Is there a perfect age to become a mom? I think so.
Now before you start frantically scanning the rest of this post for a number, there isn’t one there. Deciding when to have a kid is such an individual, personal choice, I’m amazed that it keeps coming up as a topic of discussion. Yet here we are.
You may have read about British columnist Ashley Pearson last week, who was basically told that she was “selfish” for having her first baby at 41. She was speaking on a televised panel about the subject, and a male co-panelist told her that “while some people can have babies later in life, others can’t. And that you better get on with it then, hadn’t you?”
And what I say to you, dear sir, is: Mind your own beeswax. That also goes for the “staggering 70 percent of women over the age of 55 [who] are opposed to and uncomfortable with women having babies in their 40s.” To those little old biddies, let me add: Go have some sex of your own, and shut it. I’m sure they’d have quite a few things to say about 49-year-old Laura Linney giving birth to her first baby earlier this month. And Halle Berry, Gwen Stefani, Salma Hayek and any of the other fortysomething celebrities who’ve recently taken the parenthood plunge.
The fact that anyone—and I mean anyone—other than a woman and her significant other feel that they should have a say in someone’s reproductive choices is confounding, appalling and disturbing.
But it happens every day.

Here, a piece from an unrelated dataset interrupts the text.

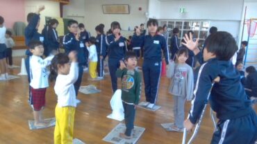 2025.11.14 6年生 全校生 2025.11.12 高岡保育園との交流(6年生) 6年生は総合的な学習の時間に、児童会スローガン「みんなを幸せ 協力し合い 笑顔いっぱいにしよう」の実現に向けて話し合い、身近な地域の人たちも笑顔いっぱいにしようと、高岡保育園の年長さんとの交流会を計画しました。交流会当日は、保育園のみなさんも自分たちも笑顔になることができて、6年生は達成感を感じたり、課題を見つけたりしました。

First when you’re single (“You’d better find someone soon so you’re not too old to have kids”), then when you’re married (“When are you going to get pregnant?”), and yet again when you’re half a minute post-partum (“When are you going to start trying for #2?”). Apparently women are not allowed to live in the moment and enjoy each exciting stage of their lives. Why? My theory is that most people are bored with their own lives, totally socially awkward, and this is an easy/lazy conversation starer.
I had my first child in my mid-30s and hope to have another before I turn 40, but I’m going to be getting there just under the wire. In retrospect, maybe I should have done this all a touch earlier: When I was ready to have my son, I was ready right then. I didn’t realize that would happen, so I didn’t really think about the time it would take to get pregnant, the unexpected bumps along the way and the actual length of the pregnancy (which, by the way, is 10 freaking months, not 9).
So why did I wait? It wasn’t that I didn’t have a significant other who wanted to have kids. I did, and we’ve been together for nearly two decades. It wasn’t that I felt I couldn’t afford it. (Though, really, who can ever?) It wasn’t that I thought I’d be fertile forever, and yes, that is something that concerns me more than a little now.
The plain and simple truth is that I was selfish, according to that man’s standards—and quite frankly, I don’t think see why that’s a bad thing. I wanted to live my life. I wanted to do amazing work. I wanted to travel. I wanted to have fun. I wanted to wait. I didn’t want to “just get on with it.” I mean, God, that’s a horrible way to approach motherhood.
And you know what? Now I live my life in a wonderfully different way. I still do amazing work. I still travel (though, admittedly, with sippy cups and enough puffs to feed a small toddler army). And I’m having the most fun I’ve ever had in my life. But I was ready.
I would’ve been a terrible mother in my 20s. Would I have stepped up to the challenge if I had to? Yes, I’m sure, because that’s me and that’s what women do, but I might not have been totally and completely happy about it. I might have felt that I was missing out. I might have regretted what could have been. I might have resented that someone was getting in my way of being the me I thought I was back then, no matter how much I loved that gorgeous little someone.
Now, don’t get me wrong: If someone’s ready at 23, great! All the more power to her. But I wasn’t. I was still figuring out who I was and what I wanted out of life and in a relationship. I was a different person then. One who was on the road to becoming the type of mom—and person—I really did want to be. But that was me and my choice, and I certainly don’t expect everyone to follow that path.
Look, there’s a lot to consider when you’re thinking of having a kid. But it’s up to you, and it’s not up for debate or popular vote. Not by your in-laws, not by some blue-haired old lady down the street, and certainly not by some male “expert” who isn’t going to sit up all night with your feverish five-month-old so you can get some sleep before your big meeting tomorrow.
So yes, I may have been selfish once upon a time…but I am damn happy today.